Le Sénégal a enregistré, le 2 mars 2020, son premier cas du Coronavirus dit COVID-19. Il a alors déployé une stratégie de riposte sanitaire régulièrement renforcée et qui a donné des résultats satisfaisants jusqu’ici. L’isolement rapide des contacts des cas détectés a permis de les prendre en charge très tôt au niveau médical et de couper la chaîne éventuelle de transmission du virus. L’expérience accumulée par le personnel médical et paramédical a permis de déployer de bons protocoles pour guérir les malades, et jusqu’à présent, avec l’aide de Dieu, aucune personne prise en charge n’est décédée du COVID-19.
La courbe de progression, publiée officiellement, est demeurée relativement plate, et les infléchissements notés dans la dernière semaine résultent essentiellement du rythme plus soutenu de tests sur une population confinée de suspects et de citoyens rapatriés d’autres pays. L’évolution exponentielle, prédite à tort par des modélisateurs qui ne se fondent que sur des hypothèses simplifiées à l’extrême, ne s’est donc pas produite. Et, si le Sénégal poursuit dans la même dynamique, publiée officiellement, le pays pourrait connaître un renversement de tendance d’ici dix jours au maximum, et connaître, par jour, un nombre plus élevé de personnes guéries que de nouveaux cas.
Le Sénégal serait alors partout célébré comme le premier pays africain à avoir maîtrisé la progression du virus et des pressions ne manqueraient pas de se faire pour adoucir les restrictions sur la mobilité des personnes et des moyens de transport. Les populations se retrouveraient elles-mêmes soulagées par la nouvelle situation et pourraient alors choisir de baisser la garde concernant les mesures de défense personnelle contre le virus.
Ce scénario idyllique en cache un autre.

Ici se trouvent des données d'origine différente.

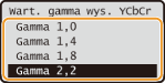 Możesz określić wartość gamma, która ma być zastosowana gdy dokumenty są skanowane w formacie pliku, który wybrałeś (Wybór formatu pliku). Wartość gamma można dostosować do ustawień monitora, na którym będą wyświetlane zeskanowane obrazy, aby mogło się to odbywać przy ustawieniach odpowiadających oryginalnym dokumentom.

Que se passerait-il, s’il s’avérait que les cas dits communautaires étaient plus nombreux dans le réel ? C’est conscient de ce gros risque que le Professeur Seydi, aux premières lignes dans le traitement des malades du Coronavirus à l’hopital de Fann, a adressé un message d’alerte aux Sénégalais, en soulignant l’impossibilité de prendre en charge des milliers de malades si les cas devaient atteindre ce nombre. Ceci l’a conduit à envisager une possibilité de confinement total de la population, option écartée pour le moment au Sénégal.
Mais, il convient d’aller plus loin. Aujourd’hui, le système officiel n’a qu’une connaissance imparfaite de ce qui se passe dans les communautés. Qu’est-ce qui prouve que des personnes ne seraient pas porteuses du virus sans le savoir (les symptômes étant proches de la grippe ou du paludisme bien fréquents chez nous) ou sans vouloir se faire dépister (pour ne pas attirer l’attention)?
Statistiquement, il est possible de recommander, à défaut de pouvoir faire des tests de masse sur des dizaines et des centaines de milliers de personnes, de procéder à une enquête-ménages au niveau national, sur un échantillon représentatif pouvant atteindre 6000 ménages dans les 45 départements du pays, en commençant par les départements qui enregistrent des cas actuellement. L’échantillonnage serait effectué par des statisticiens de l’ANSD, mais les enquêtes (auprès des chefs de ménages, couplées avec de réels tests du virus sur une personne par ménage) seraient menées sous la direction du Ministère de la santé et mises en œuvre par les laboratoires officiellement choisies, en compagnie d’agents enquêteurs statisticiens, et d’agents de sécurité. L’IRESSEF du Professeur Mboup pourrait particulièrement aider dans l’exécution de cette opération de terrain. Les résultats de l’enquête serviraient à réviser la stratégie de riposte, afin de relever, avec précision, le défi de la transmission communautaire du virus.